Dear Wayne and Wanda,
I'd appreciate some insight into the male mind and am hoping you can help. The other night, I'm grabbing a quick bite at a low-key bar in downtown. I was alone and had some work with me and was making progress on that when this really good-looking guy sits down next to me.
He was actually so cute that I was a little intimidated. But he struck up a conversation, and he was really easy to talk to. He kept buying me drinks and suddenly three hours had flown by. He gave me his number, I gave him mine, and I went home feeling pretty happy.
The next day, he texts me. Almost from the beginning, the texts were extremely sexual. He went into great detail about what he wanted to do to me and what he wanted me to do to him. He talked about how endowed he is and warned he might be "too much man" for me.
This came out of nowhere. While our conversation the night we met was flirtatious, it was also completely appropriate. Does he think women find this irresistible? That this is what we want to hear? I have basically gone from being really interested in this guy to hoping I don't run into him again.
Ah, technology. It allows us to do all sorts of once-unthinkable things, including texting super-sexual, over-the-top come-ons to virtual strangers. I'm guessing this guy would have never said these things to your face on first or second meeting. But for some reason, he felt less inhibited about doing it electronically.

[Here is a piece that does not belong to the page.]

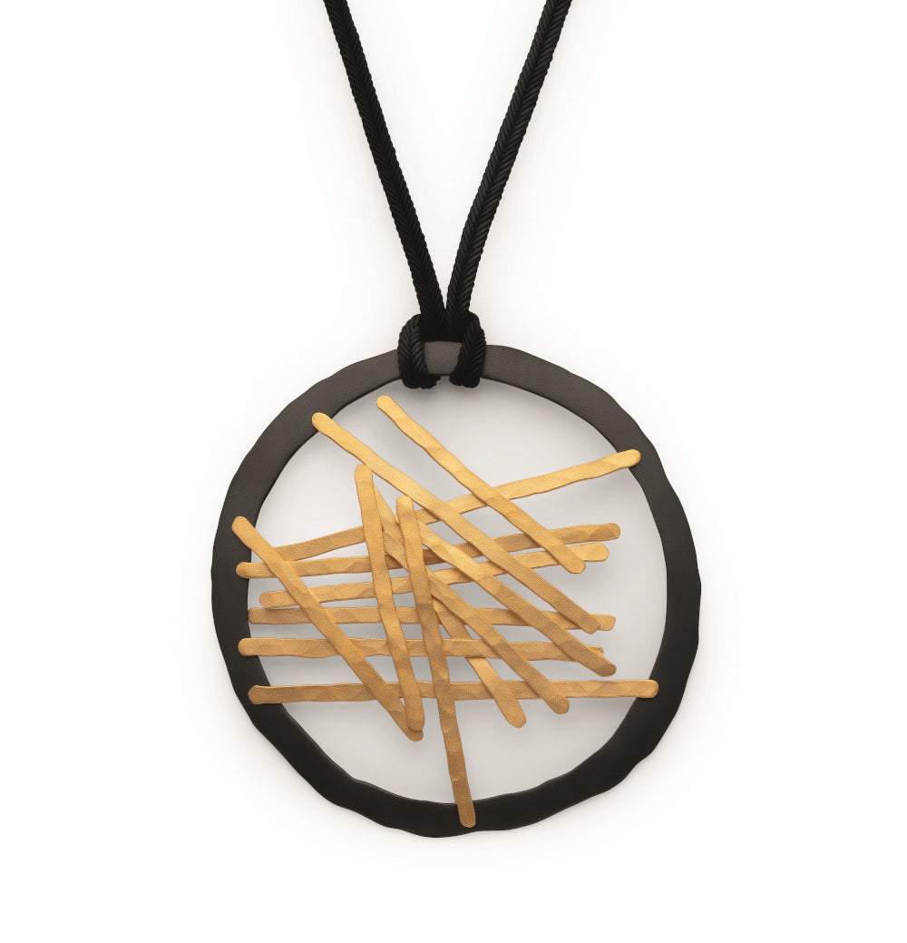 "The Mikado Signature Collection"- das Erfolgsdesign von bastian inverun erhält eine neue Auflage. Feine, länglich geformte Schmuckelemente aus 18 Karat vergoldetem 925/- Sterlingsilber ergeben zusammengefügt diesen Anhänger, welcher in einem schwarz rhodinierten rundlichen Rahmen eingefasst ist. Durch die besondere ungleichmäßige Anordnung der stabförmigen Elemente erhält das Schmuckstück einen individuellen handwerklichen und goldschmiedigen Look. Wir empfehlen für diesen Statement-Anhänger ein kräftigeres Band, welches als "Affenschaukel" in den Anhänger eingeknotet werden kann (z.B. Artikel 48580). Erhältlich mit passenden Ohrsteckern und passenden Ohrhängern.

How did you respond? Did you tell him the chat made you feel awkward or perhaps try to reroute the conversation? If you have any remaining inkling of liking him, maybe you should suggest a proper date and give him one more shot. Giving him the benefit of the doubt, he may be incredibly nervous and defaulted to "sexy speak" for lack of deeper conversational skills. If anything, he definitely sounds like he's overcompensating.
Hopefully some men will read your letter and think twice. There are many ways to make a woman feel desirable -- without bragging about your body or sketching out a play-by-play for your yet-to-occur first encounter. In fact, few things crush those first flutters of butterflies than talking to a woman like she's a prostitute.
Yes, this guy's text game is filthy, but I'm not half as offended by that as I am by his nice guy, dirty guy routine. He's Mr. Rogers when he's sitting next to you, then Hugh Hefner over the phone? Brutal!
Some folks get off on sexting, frequenting Casual Encounters, pierced parts, acting out "50 Shades of Grey" (or "Twilight") and diving into the freakier sides of love and life. Hey, let your freak flag fly, y'all! But at least own it.
Fancy yourself an aggressive sex-machine looking for no-strings loving? Don't tiptoe into conversations like a ballerina and then pull out the sledgehammer over the phone the next day! And don't run around dragging clean-living, kink-free folks into your funky stuff.
Maybe he really is a sex-machine who is confused about, or uncomfortable expressing, his true desires. Maybe he's actually a charming, decent guy who doesn't know he can come off as a blockhead. Is it really worth giving him a second chance to find out? Eh. You know what you want out of new flames, and it isn't a potty-mouthed flamethrower. Lose his number.